JORDAN, Circuit Judge:

Like a swallow returning to Capistrano, this antitrust case is before us again. In 2006, we ruled that Gulf States Reorganization Group had sufficiently alleged injury, and reversed the district court’s dismissal of its complaint against Nucor Corporation. See Gulf States Reorganization Group v. Nucor Corp., 466 F.3d 961, 967-68 (11th Cir.2006). In so ruling, we explicitly noted that we were not addressing the merits of GSRG’s claims. See id. at 967, 968 n. 4. On remand, GSRG amended its complaint, abandoning any claim that Nucor was a monopolist.

The claims in the amended complaint— like those in the initial complaint — arose from the purchase, by Nucor and Casey Equipment Company, of the assets of Gulf States Steel in a Chapter 7 bankruptcy liquidation proceeding in Alabama.
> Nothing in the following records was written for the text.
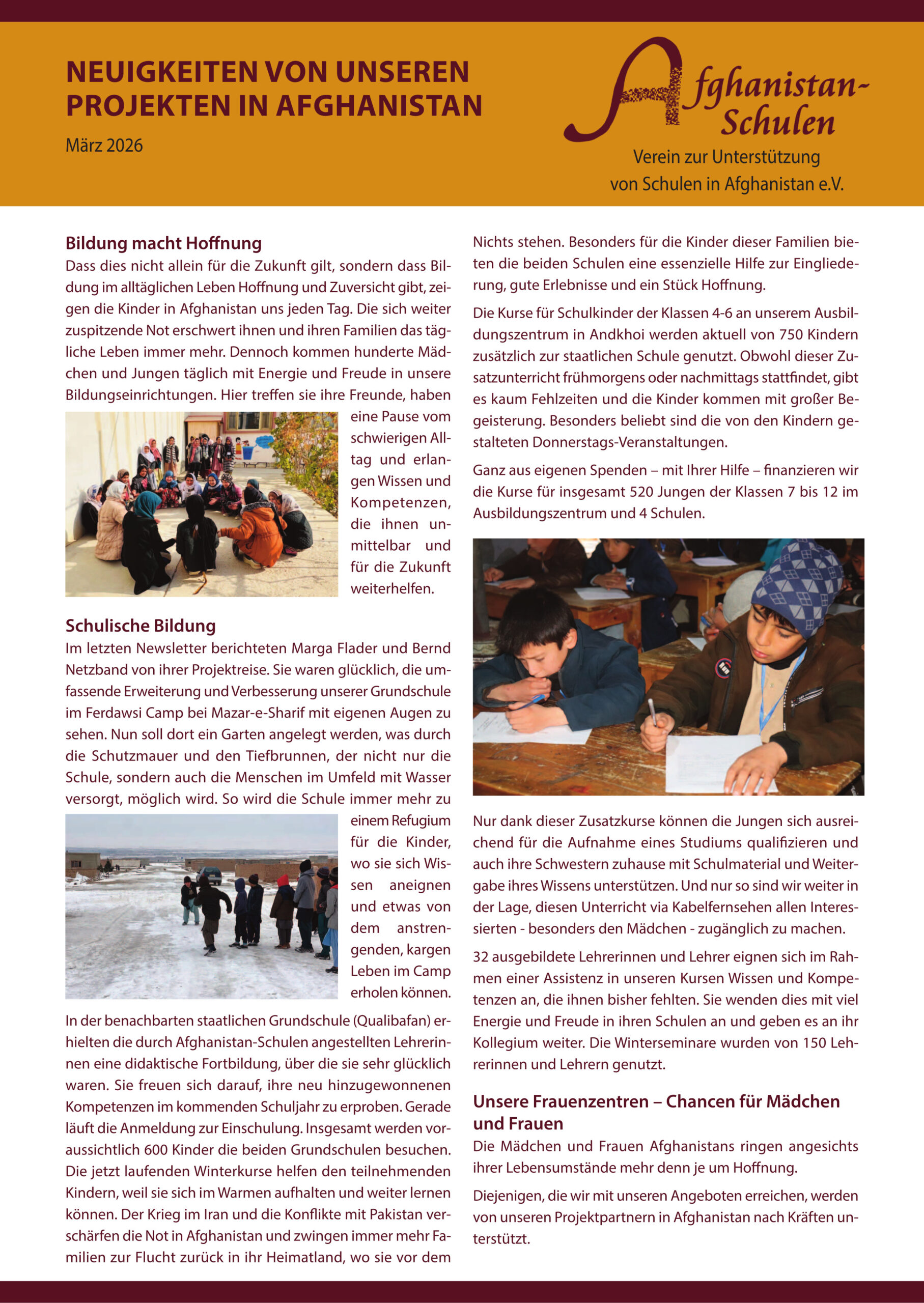 In regelmäßigen Abständen verfassen wir Berichte über unsere Arbeit und fassen dort die Entwicklungen der letzten Zeit zusammen. Den aktuellen Bericht vom März 2026 können Sie hier finden.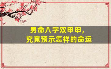 在八字命理中,"双甲申"指的是男性命主的年柱和月柱均为甲申(即天干为甲木,地支为申金)。分析此类命局需结合五行生克、十神配置及整体格局,以下为具体解读: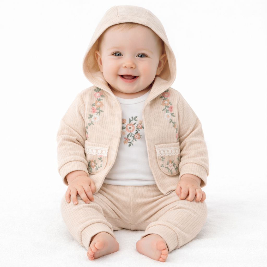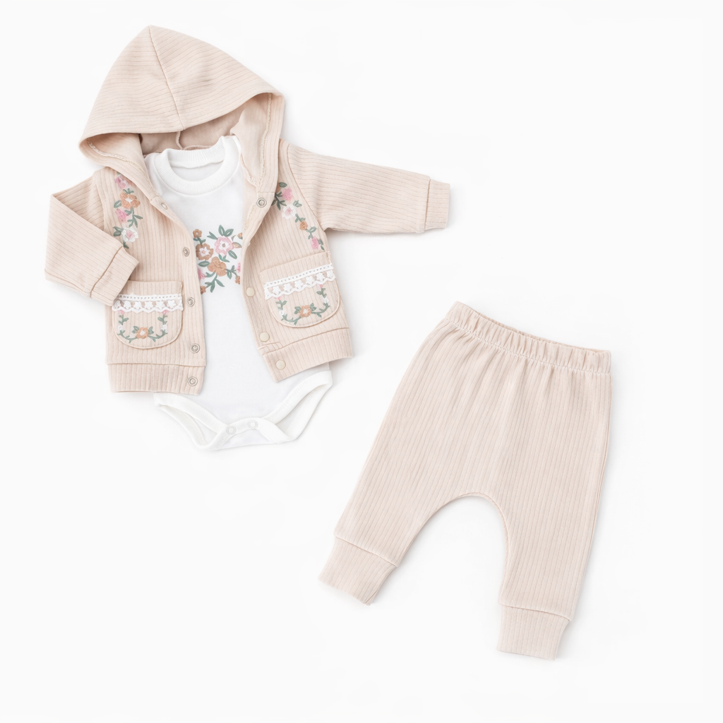 Uroczy, delikatny i niezwykle wygodny komplet niemowlęcy dla dziewczynki składający się z bluzy z kapturem, białego body oraz beżowych spodni. Idealny zestaw na co dzień, na spacer, wizytę u rodziny czy jako prezent dla maluszka.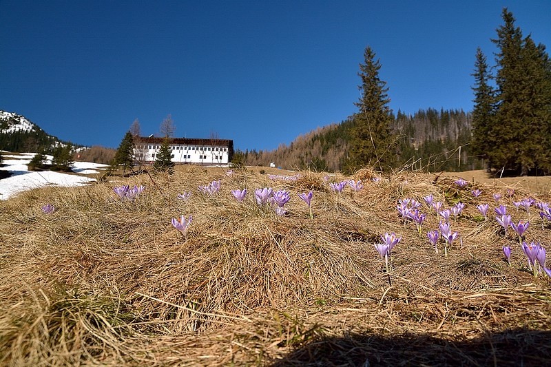 Kalatówki (dolna część1160–1200 m n.p.m., górna – 1200–1250 m n.p.m) – tym razem na krokusy wybraliśmy się pod koniec marca. Te piękne kwiaty, w tym roku zaczęły pojawiać się na polanach osłonecznionych, gdzie śnieg się roztapiał tworząc miejsca z alejkami ze śniegu, po których można było chodzić i podziwiać. Ze względu na coraz większe zainteresowanie turystów tymi kwiatami, nie można chodzić po polanach pomiędzy krokusami, tylko podziwiać je z daleka nie depcząc ich, a to wszystko jest pilnowane przez wolontariuszy TPN. My mieliśmy właśnie jeszcze możliwość chodzenia po śniegu i robienie zdjęć z bliska nie narażając kwiatów. A dodatkowo było mało turystów, co nam ułatwiło oglądanie bez tłumów.

After discovery, Nucor moved for summary judgment, and, in two reports, a special master recommended that the district court grant Nucor’s summary judgment motion. The district court considered GSRG’s objections but nonetheless accepted the reports in a published order. See Gulf States Reorganization Group v. Nucor Corp., 822 F.Supp.2d 1201 (N.D.Ala.2011).

GSRG now appeals the grant of summary judgment in favor of Nucor. After a thorough review of the parties’ briefs and the extensive record, and with the benefit of oral argument, we affirm. We write on one of the issues relevant to GSRG’s attempted monopolization claim, in order to explain why cross-elasticity of supply is critical to defining the relevant market in this case. On all other issues raised by GSRG, we affirm based on the special master’s reports and the district court’s order.

I

Because the special master and the district court catalogued the relevant facts, we set out only those that are necessary for our discussion. Where the facts are *1284 disputed, we of course view the evidence in the light most favorable to GSRG. See, e.g., Ricci v. DeStefano, 557 U.S. 557, 586, 129 S.Ct. 2658, 174 L.Ed.2d 490 (2009).

A

Depending on how it is processed and cooled, steel can have a variety of forms. One popular type of steel, black hot rolled coil steel, is a form of plain black sheet steel which is rolled into a coil for ease of storage, handling, and transportation. When new black hot rolled coil steel is bathed in acid and coated with oil, the resulting type of steel is called pickled and oiled steel. 1

Nucor is a leading manufacturer of black hot rolled coil steel. In 1999, Gulf States Steel, one of Nucor’s main competitors in the Southeast — a region that GSRG defines as Alabama, Arkansas, Florida, Georgia, Louisiana, Mississippi, North Carolina, South Carolina, Tennessee, and Texas— filed for bankruptcy under Chapter 11. In 2000, after reorganization proved unsuccessful, the bankruptcy court converted the Chapter 11 case into a Chapter 7 liquidation proceeding. This conversion meant that the assets of Gulf States Steel — including a steel plant in Gadsden, Alabama — would be sold.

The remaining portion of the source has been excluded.